Opinion
No. 93-02025.
June 24, 1994.
Appeal from the Circuit Court, Lee County, William J. Nelson, J.
James Marion Moorman, Public Defender, and Cynthia J. Dodge, Asst. Public Defender, Bartow, for appellant.
Robert A. Butterworth, Atty. Gen., Tallahassee, and Edward L. Giles, Asst. Atty. Gen., West Palm Beach, for appellee.
The appellant challenges his judgment and sentence for grand theft. He argues that the trial court erred in failing to consider the factors in section 39.059(7)(c), Florida Statutes (1991), before determining whether to impose adult sanctions upon him. We agree.
On August 12, 1992, the state filed an information charging the appellant with burglary of a dwelling and grand theft on May 24, 1992. The appellant was seventeen years old on the date of the offense. He was tried by a jury, which acquitted him of burglary and found him guilty of grand theft.

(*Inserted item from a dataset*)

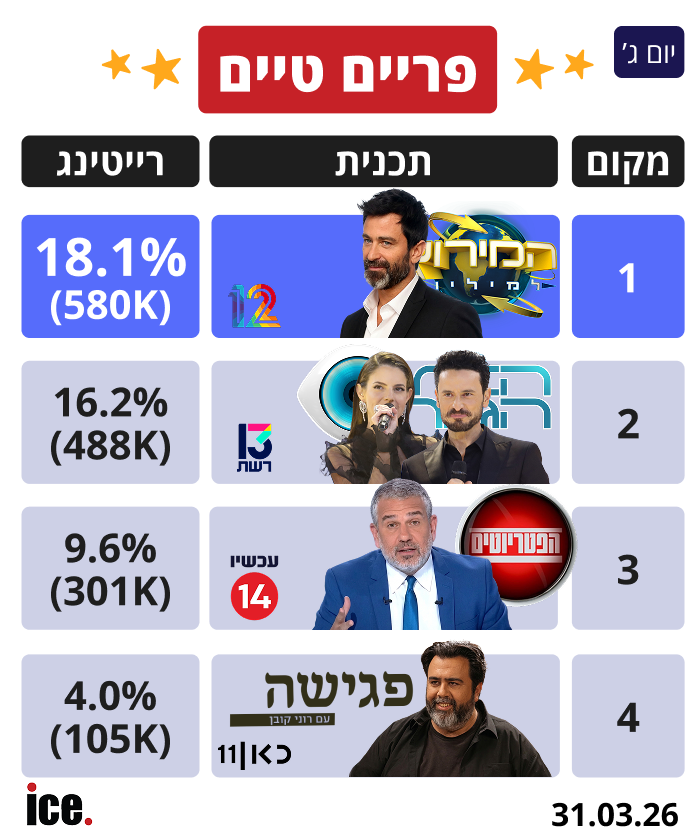 בפריים טיים, "המירוץ למיליון" וקשת 12 ממשיכים לנצח את "האח הגדול" ורשת 13 וזוכים ל-18.1% רייטינג (579 אלף צופים). "הפטריוטים" של ערוץ 14 במקום השלישי עם 9.6% רייטינג (300 אלף צופים). בתוך כך, ערוץ 14 סוגר חודש שיא ברייטינג פריים (ימי חול) 9.1%, כשהשיא הקודם עמד על 9.0% (אוקטובר 2024). "פגישה" עם רוני קובן ב"כאן 11" עם 4% רייטינג (104 אלף צופים).

On June 7, 1993, the trial court sentenced the appellant within the guidelines to five years in prison, with credit for time served. At the hearing, the trial court did not discuss its decision to sentence the appellant as an adult, as is required by section 39.059(7). See Croskey v. State, 601 So.2d 1326 (Fla. 2d DCA 1992). The statute applies even though the appellant reached adulthood before the trial. See Toussaint v. State, 592 So.2d 770 (Fla. 5th DCA 1992). Therefore, we reverse and remand for resentencing.
Reversed and remanded.
RYDER, A.C.J., and PARKER, J., concur.